队列,病例控制,纳入了横断面研究,这些研究报告了输精管结扎术与前列腺癌之间的相关性的相对效应估计值.
两名研究者独立进行研究选择。使用随机效应模型按研究设计类型分别汇集数据。纽卡斯尔-渥太华量表用于评估偏倚风险。
主要结果是前列腺癌的任何诊断。次要结果是高等级,先进,和致命的前列腺癌.
53项研究(16项队列研究,包括2563519名参与者,33项病例对照研究,包括44536名参与者,和4项横断面研究,包括12098221名参与者)。其中,7项队列研究(44%),26项病例对照研究(79%),所有4项横断面研究均被认为存在中度至高度偏倚风险.在被认为具有低偏倚风险的研究中,在队列研究中发现弱关联(7项研究;调整后的比率,1.05;95%CI,1.02-1.09;P<.001;I2=9%),在病例对照研究中发现了相似但不显著的关联(6项研究;调整后的比值比,1.06;95%CI,0.88-1.29;P=.54;I2=37%)。当包括具有中度至高度偏倚风险的研究时,效果估计距离零进一步。

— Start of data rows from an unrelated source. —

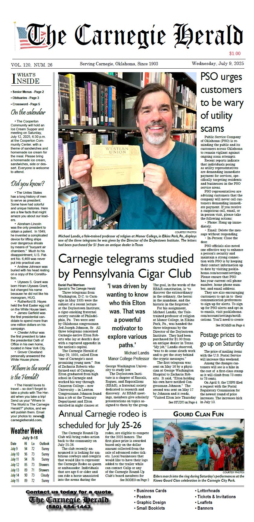 Lair No. 3 of the Rascals, Rogues, and Rapscallions held its second quarter 2025 meeting on Saturday, June 14, 2025, at the Doylestown Maennerchor Society building. The evening's program was Micahel Landis's Rascal Challenge presentation in which he was told to bring back the story of three telegraphs send from Washington, DC, to Carnegie, Oklahoma, in 1935. A few weeks later, the Carnegie (Okla.) Herald published an article about Landis's presentation.
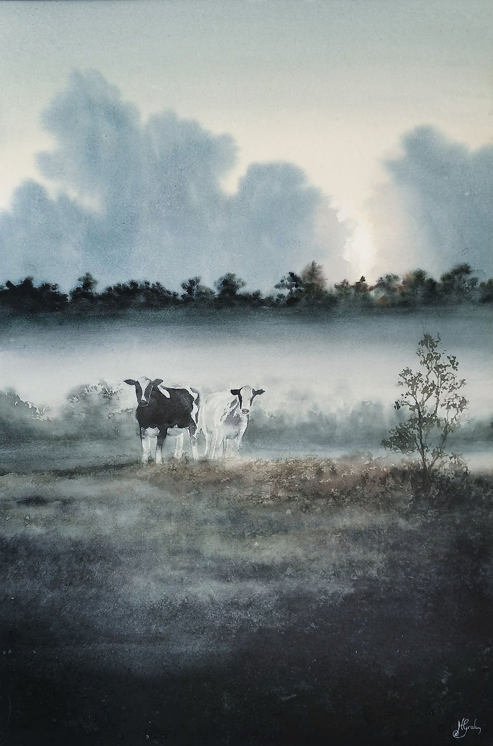 Konsttryck på akvareller som är målade med önskan att utforska skönheten i naturen i en mjuk, fantasieggande realism. Närvaro, stillhet, rymd. Som ett fönster in i en scen där du får vara med och förundras över naturen under ett skimrande himmelsljus.
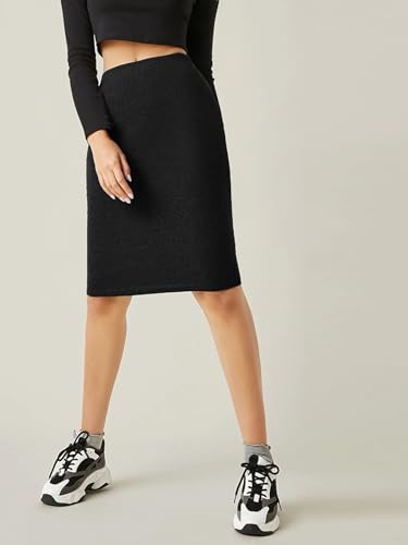 Womens' Elastic Waist Solid Color Rib-Knit Skirt Casual Mini Skirts for Women 6
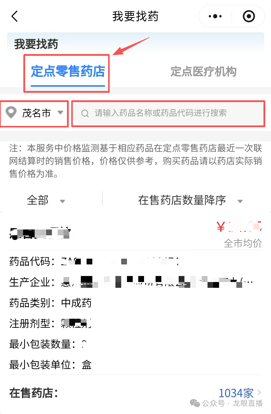 ③干与“我要找药”操作模块后,汲取茂名市,采用“定点零卖药店”;
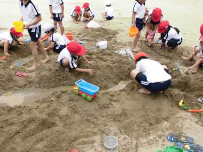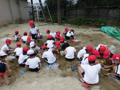 まず、砂場で山を作ったり、穴を掘ったり、川を作って水を流したりしてあそびました。
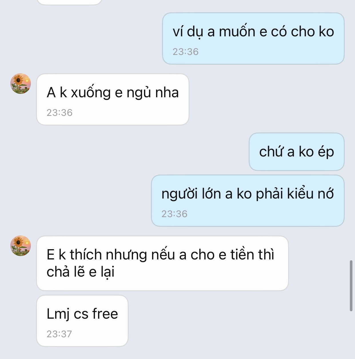 Tml thích hàng 2k6 ib t cho. Còn này thích tiền chỉ cần cho nó tiền.
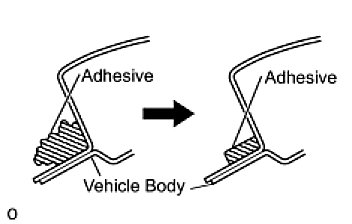 (1) On the contact surfaces of the vehicle body, use a knife to cut away excess adhesive as shown in the illustration.
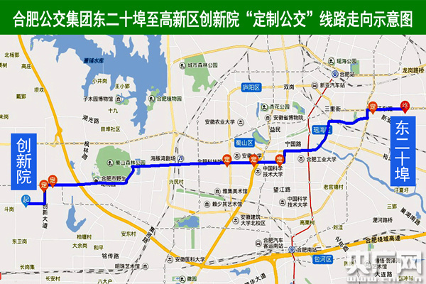 央廣網(wǎng)合肥8月4日消息 為方便居住在東二十埠、在合肥市高新區(qū)創(chuàng)新院工作的市民就近乘坐公交車快捷出行,提供迅速、準(zhǔn)點、舒適的上下班通勤服務(wù),免除這部分乘客中途換乘不同線路常規(guī)公交車輛的不便,合肥公交集團專線車隊將于8月7日起開辟連接?xùn)|二十埠到高新區(qū)創(chuàng)新院的“定制公交”線路。
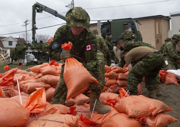 Members of the Canadian Forces prepare sandbags for distribution to residents threatened by floodwaters on April 24, 2019 in Gatineau, Que.Adrian Wyld/The Canadian Press
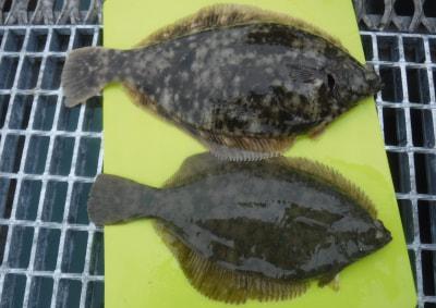 4月23日道島氏マダイ34.5cmとカレイ38cm、扇谷氏カレイ40.5cm。
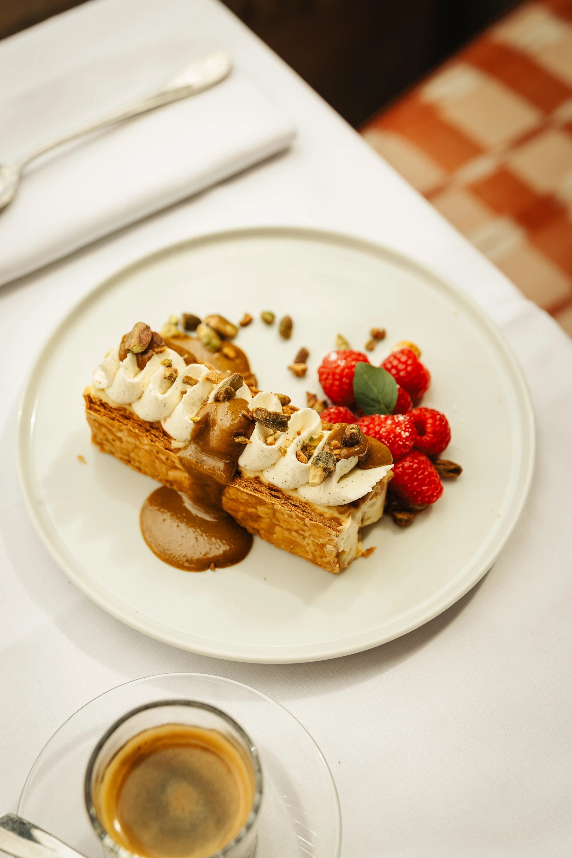 Au déjeuner autant qu’au dîner, on succombe au plaisir de s’attabler autour de belles pièces de viandes et poissons magnifiquement exécutées, ou pasta al dente qui promettent la Méditerranée comme on en rêve. Paccheri au loup de mer & tomate, poulpe grillé aux agrumes, daurade capres & citron...l’heure peut tourner, tout est oublié !
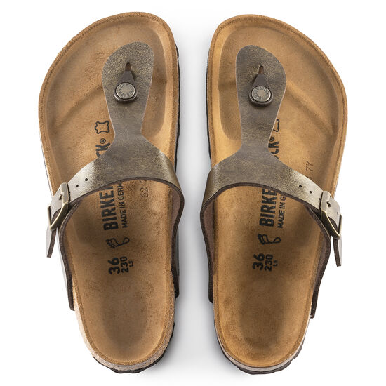 The modern thong sandal from Bithtrkenstock. The Gizeh is an iconic classic with signature support and a refined, minimalist style. Shown in Birko-Flor?.
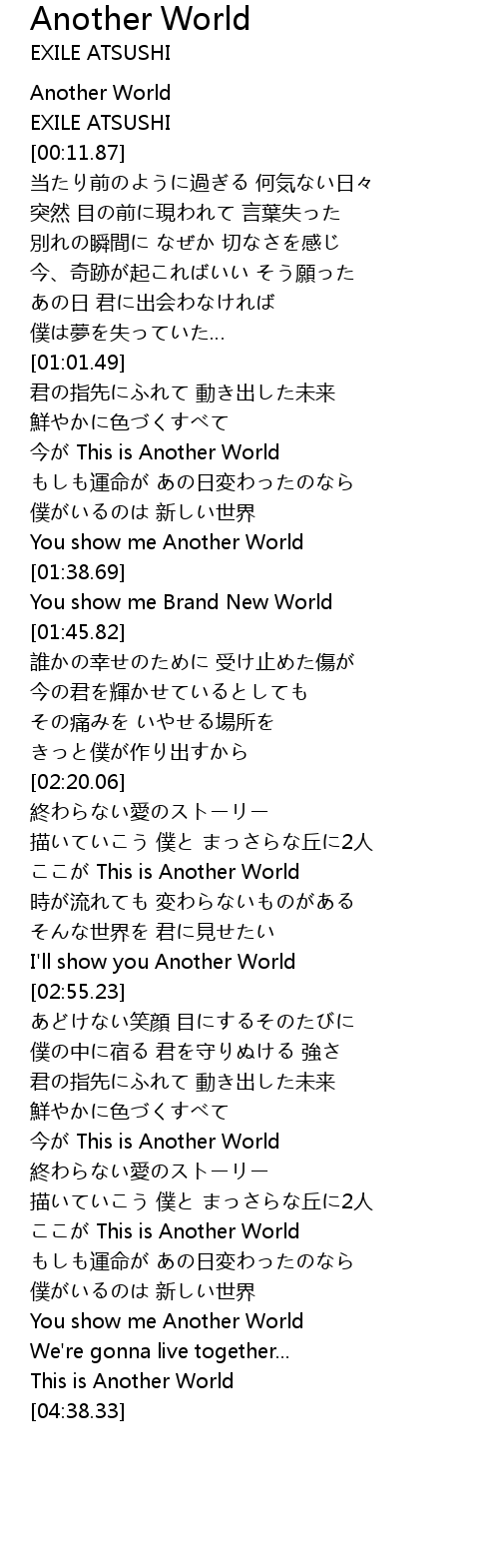 | [03:55.40] | 僕がいるのは 新しい世界 |
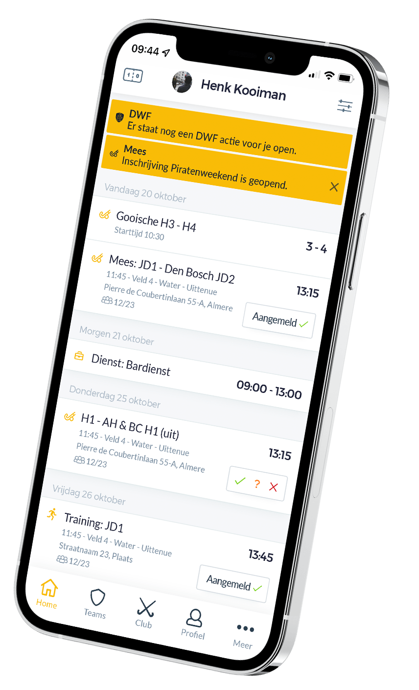 ✔ Na de wedstrijd: voer de uitslag en eventuele kaarten in.
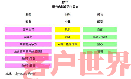 有趣的是,情感动机无论是在中国还是海外同样在建立忠诚度中扮演了重要的角色,无论是在银行业或是其他行业中(图9)。基于Synovate全球的经验,我们发现,情感动机在耐用消费品及公用事业的忠诚度中拥有主导影响。甚至在竞争激烈的B2B情况中,情感和理智扮演了同等重要的角色。因此对银行来说,全球的情况和中国同样是相似的。
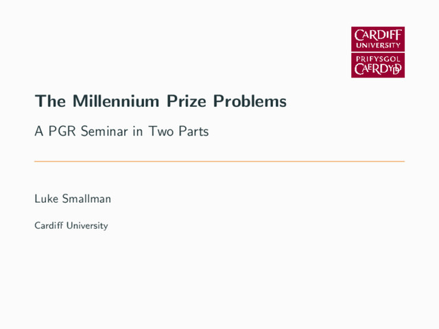 set out by the Clay Mathematics Institute • The Millenium Prize Problems are now six unsolved problems and one solved problem. • They have a certain level of infamy due to the Clay Mathematics Institute’s promise of $1 million for a correct proof of any of the problems 2
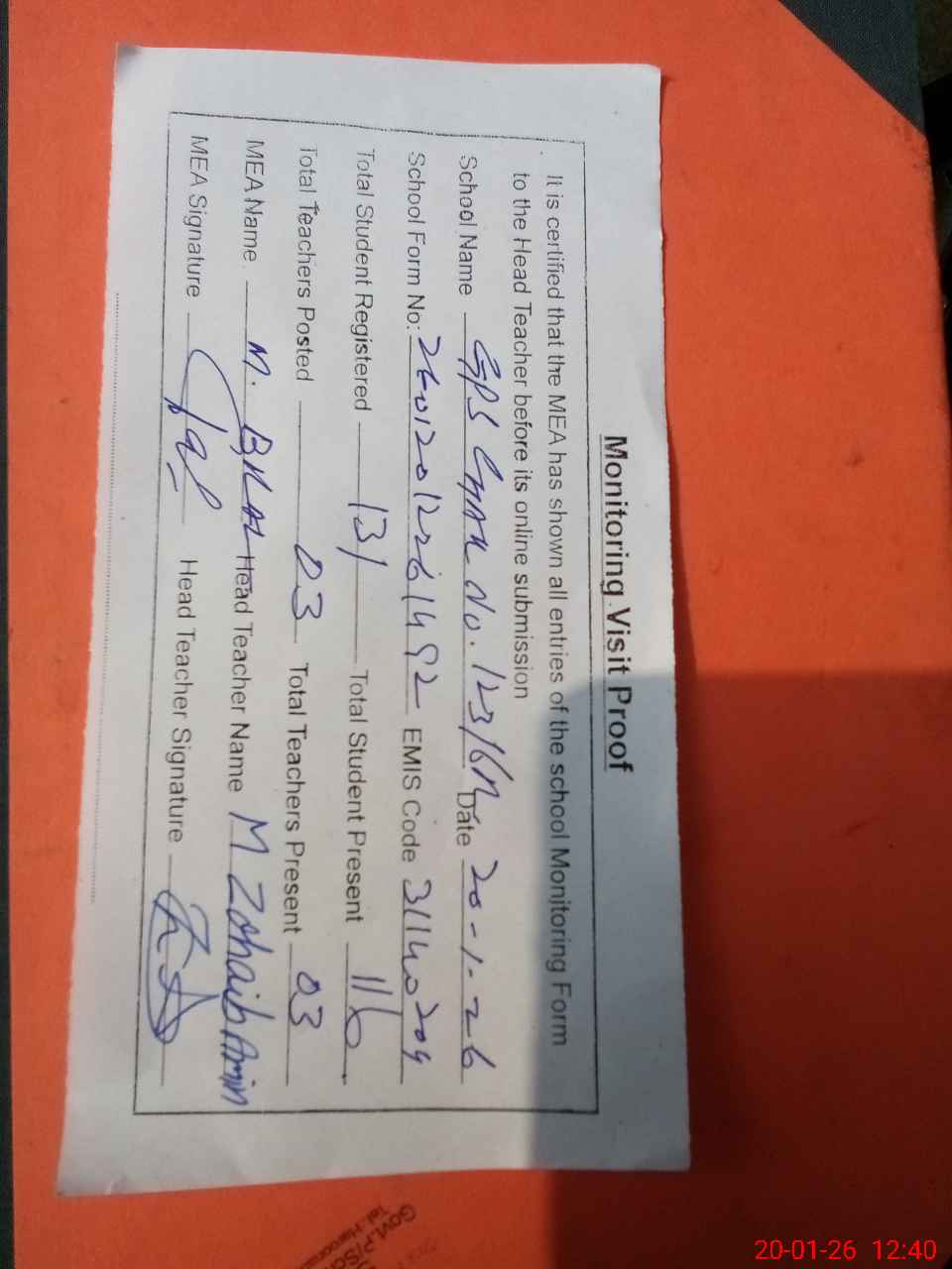 | Attendance Register | Head Teacher | MEA with School | Visit Proof |
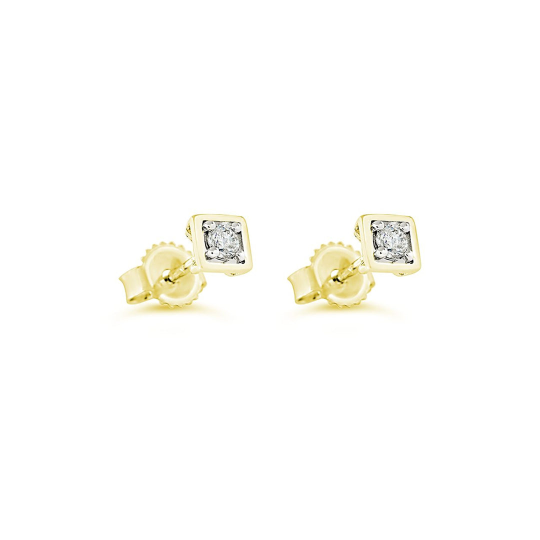 10KT Yellow Gold 0.10ctw Diamond Icicles Small Square Stud Earrings
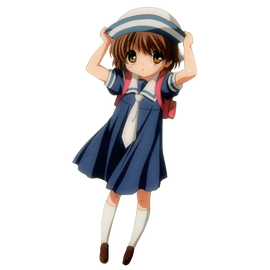 古河渚,Key社制作的游戏《CLANNAD》中的女主角。小时候的一次意外后变得体弱多病,因此留级过两年。性格积极,有着复活演剧部的梦想,但由于缺乏自信,通常容易被周围的人们所忽视。在留级第一年后与男主角冈崎朋也邂逅,与朋也的相处令她得到了勇气,决心开始向着创立演剧部的梦想迈进。之后与朋也交往并结婚,生下女儿冈崎汐。
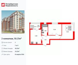 Удобная, классическая планировка, кухня 11.88 м², вместительная прихожая 7.43 м². Общая площадь квартиры - 50.23 м², жилая 24.23 м², высота потолка 2.7 м.
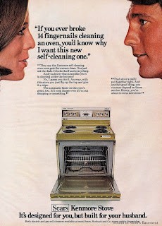 Estufa Kenmore. "Si tú supieras cuántas uñas se me han roto por limpiar la estufa, sabrías por qué quiero ésta que se limpia sola". Es lo que una mujer le dice a su marido en un anuncio que promociona la estufa Kenmore.

输精管结扎术与高级别前列腺癌之间的关联(6项研究;调整后的比率,1.03;95%CI,0.89-1.21;P=.67;I2=55%),晚期前列腺癌(6项研究;调整后的比率,1.08;95%CI,0.98-1.20;P=.11;I2=18%),和致命的前列腺癌(5项研究;调整后的比率,1.02;95%CI,0.92-1.14;P=.68;I2=26%)无统计学意义(所有队列研究)。基于这些数据,经计算,与输精管切除术相关的前列腺癌终生风险绝对增加0.6%(95%CI,0.3%-1.2%),人群归因分数为0.5%(95%CI,0.2%-0.9%).
这篇综述没有发现输精管结扎术和高级别,高级阶段,或者致命的前列腺癌.输精管结扎术和任何前列腺癌之间的联系越来越弱,研究设计越来越可靠,更接近无效。这种关联不太可能是因果关系,不应排除使用输精管结扎术作为长期避孕选择。